(Items from a dataset)
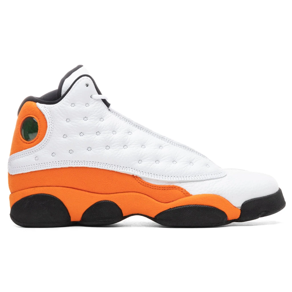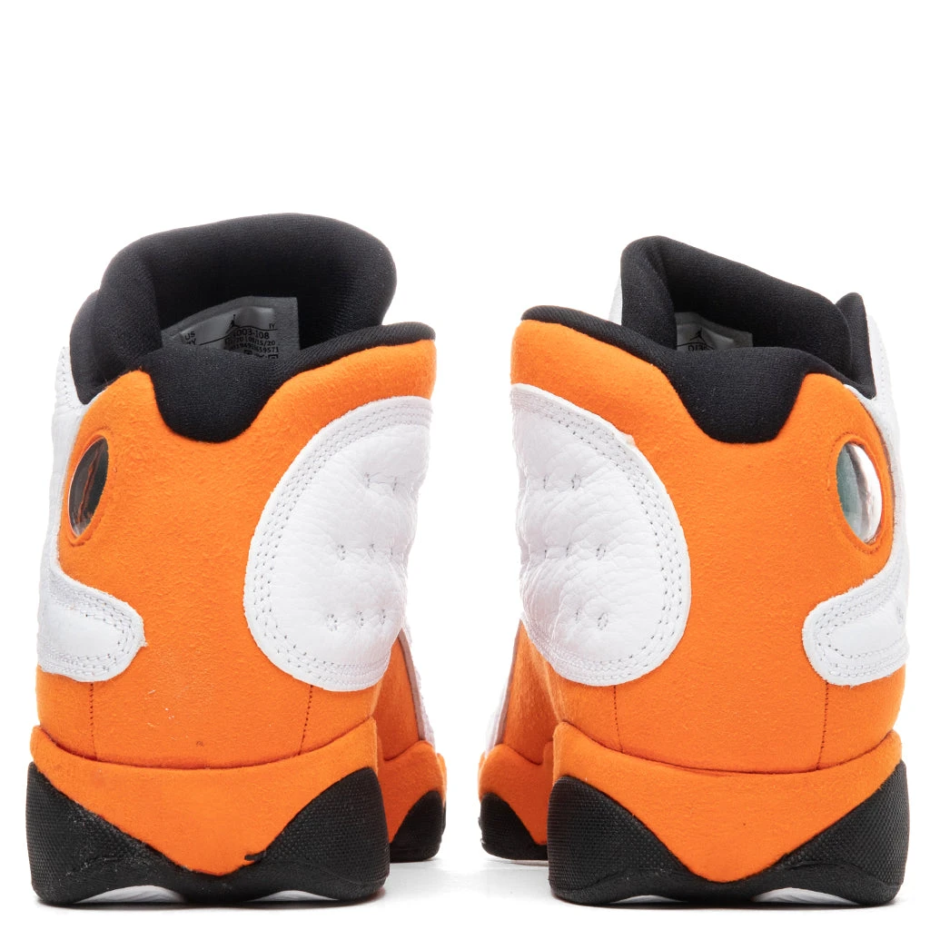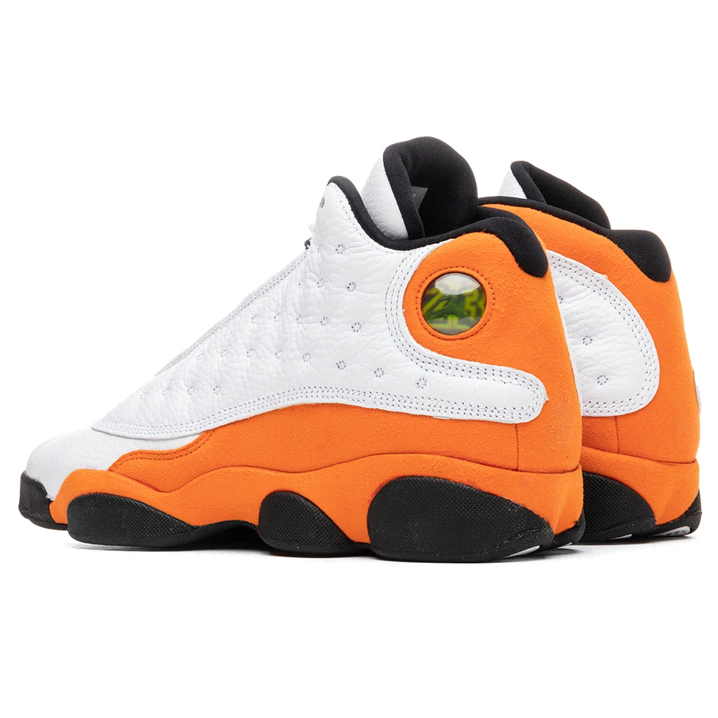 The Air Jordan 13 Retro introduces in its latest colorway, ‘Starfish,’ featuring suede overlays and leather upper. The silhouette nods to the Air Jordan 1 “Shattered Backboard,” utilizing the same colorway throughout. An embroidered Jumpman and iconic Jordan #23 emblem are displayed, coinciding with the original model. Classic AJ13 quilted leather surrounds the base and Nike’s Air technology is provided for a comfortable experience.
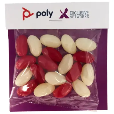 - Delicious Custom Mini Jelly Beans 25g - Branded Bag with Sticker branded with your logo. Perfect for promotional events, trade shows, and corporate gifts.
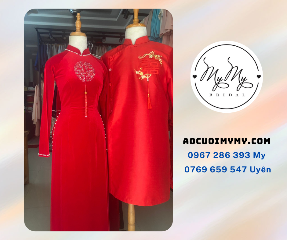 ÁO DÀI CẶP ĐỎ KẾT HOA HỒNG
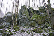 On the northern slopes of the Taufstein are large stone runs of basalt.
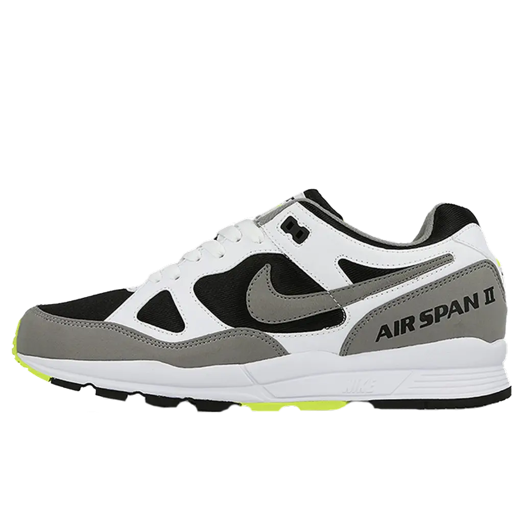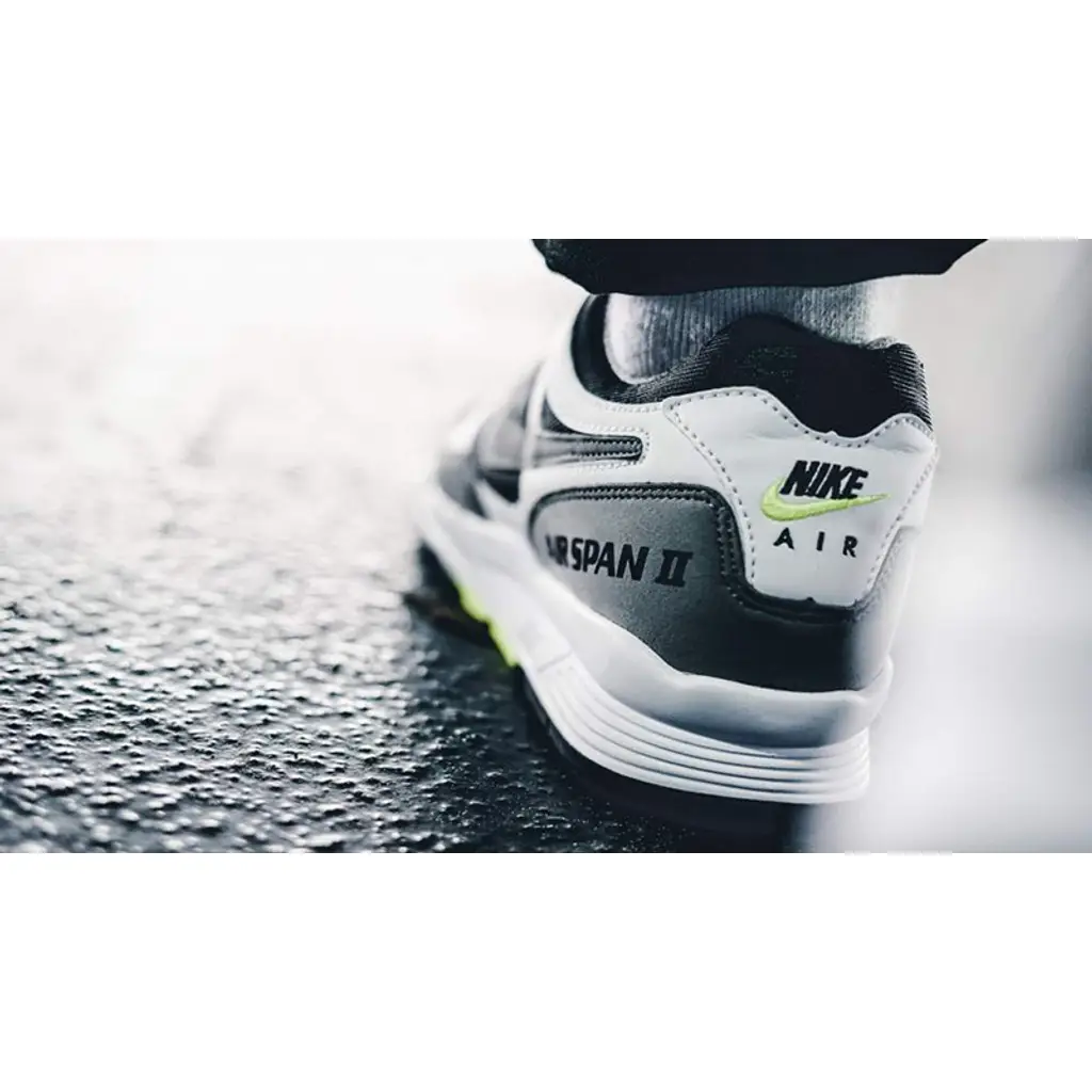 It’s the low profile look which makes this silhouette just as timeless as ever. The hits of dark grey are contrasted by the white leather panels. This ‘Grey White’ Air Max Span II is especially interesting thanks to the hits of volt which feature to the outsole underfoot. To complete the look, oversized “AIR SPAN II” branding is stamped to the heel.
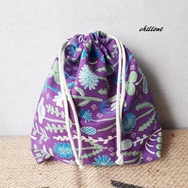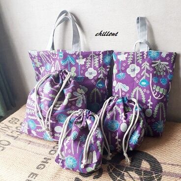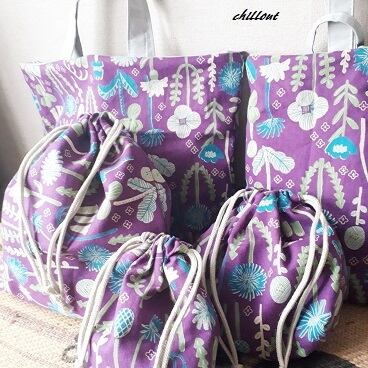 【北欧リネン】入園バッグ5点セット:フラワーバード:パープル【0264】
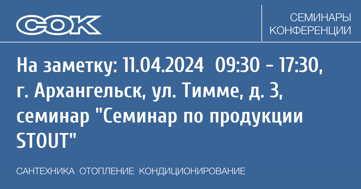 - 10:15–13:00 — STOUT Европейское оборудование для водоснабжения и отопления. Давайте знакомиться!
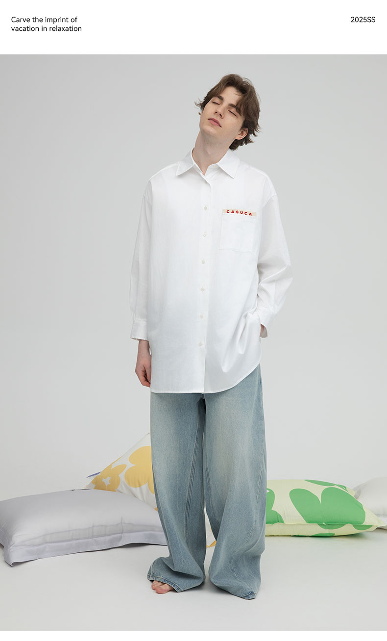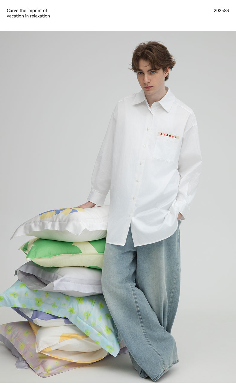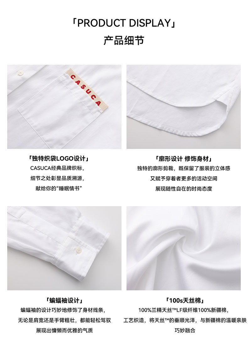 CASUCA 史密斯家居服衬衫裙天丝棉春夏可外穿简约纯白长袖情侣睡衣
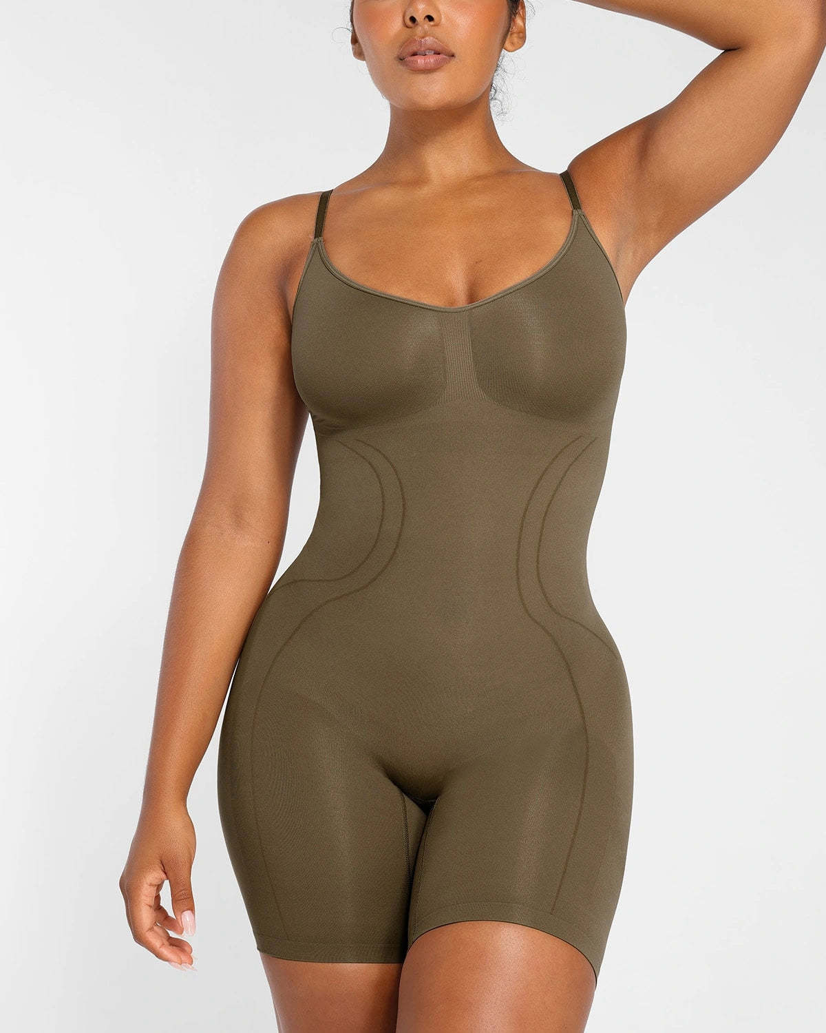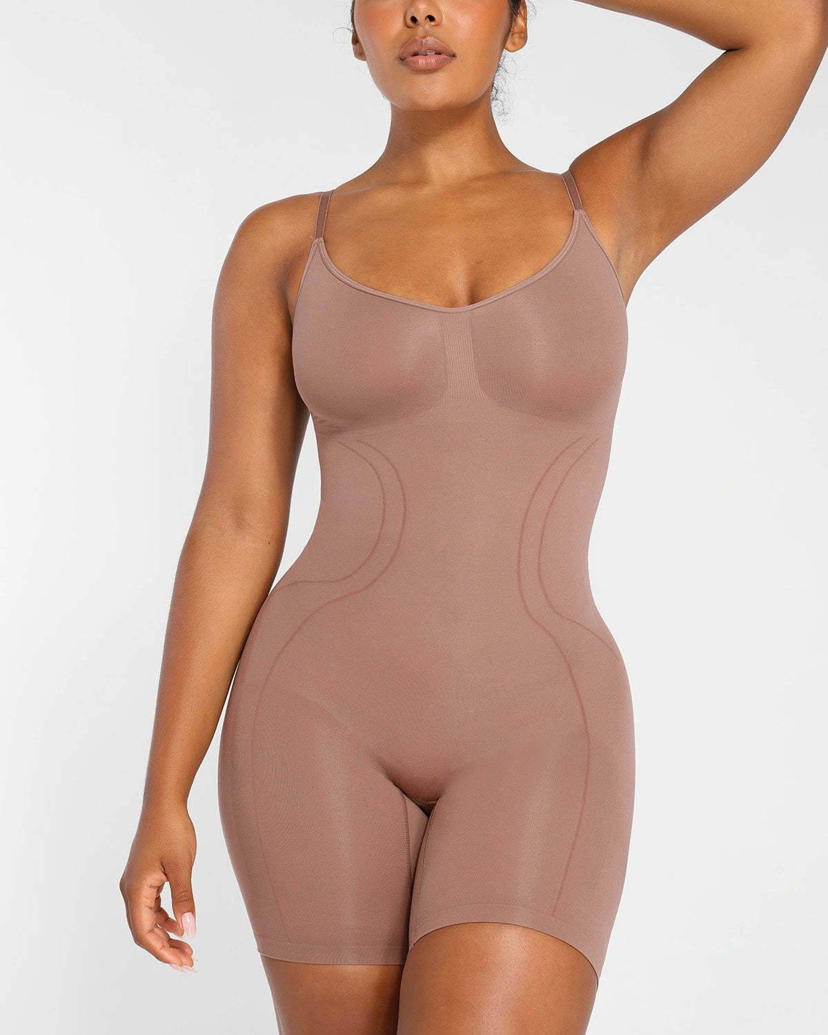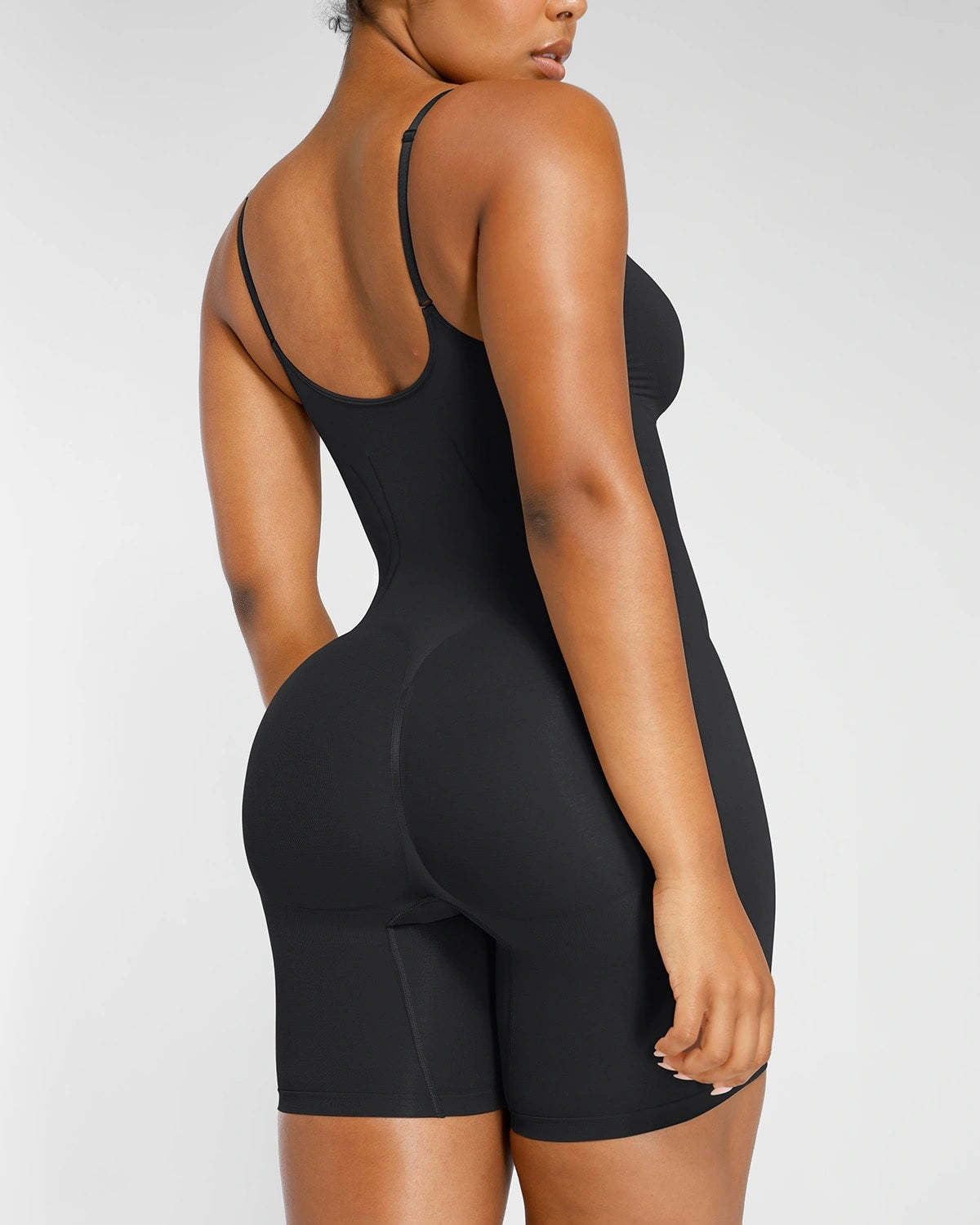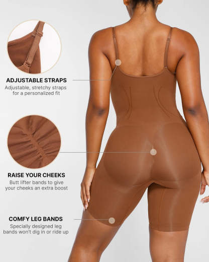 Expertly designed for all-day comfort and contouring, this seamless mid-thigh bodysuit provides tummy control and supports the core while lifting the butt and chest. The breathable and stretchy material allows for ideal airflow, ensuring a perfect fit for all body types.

_REQUIRED WORK_: Repeat the data word for word. Images are not part of the copy.

_SOLUTION_:
 The Air Jordan 13 Retro introduces in its latest colorway, ‘Starfish,’ featuring suede overlays and leather upper. The silhouette nods to the Air Jordan 1 “Shattered Backboard,” utilizing the same colorway throughout. An embroidered Jumpman and iconic Jordan #23 emblem are displayed, coinciding with the original model. Classic AJ13 quilted leather surrounds the base and Nike’s Air technology is provided for a comfortable experience.
 - Delicious Custom Mini Jelly Beans 25g - Branded Bag with Sticker branded with your logo. Perfect for promotional events, trade shows, and corporate gifts.
 ÁO DÀI CẶP ĐỎ KẾT HOA HỒNG
 On the northern slopes of the Taufstein are large stone runs of basalt.
 It’s the low profile look which makes this silhouette just as timeless as ever. The hits of dark grey are contrasted by the white leather panels. This ‘Grey White’ Air Max Span II is especially interesting thanks to the hits of volt which feature to the outsole underfoot. To complete the look, oversized “AIR SPAN II” branding is stamped to the heel.
 【北欧リネン】入園バッグ5点セット:フラワーバード:パープル【0264】
 - 10:15–13:00 — STOUT Европейское оборудование для водоснабжения и отопления. Давайте знакомиться!
 CASUCA 史密斯家居服衬衫裙天丝棉春夏可外穿简约纯白长袖情侣睡衣
 Expertly designed for all-day comfort and contouring, this seamless mid-thigh bodysuit provides tummy control and supports the core while lifting the butt and chest. The breathable and stretchy material allows for ideal airflow, ensuring a perfect fit for all body types.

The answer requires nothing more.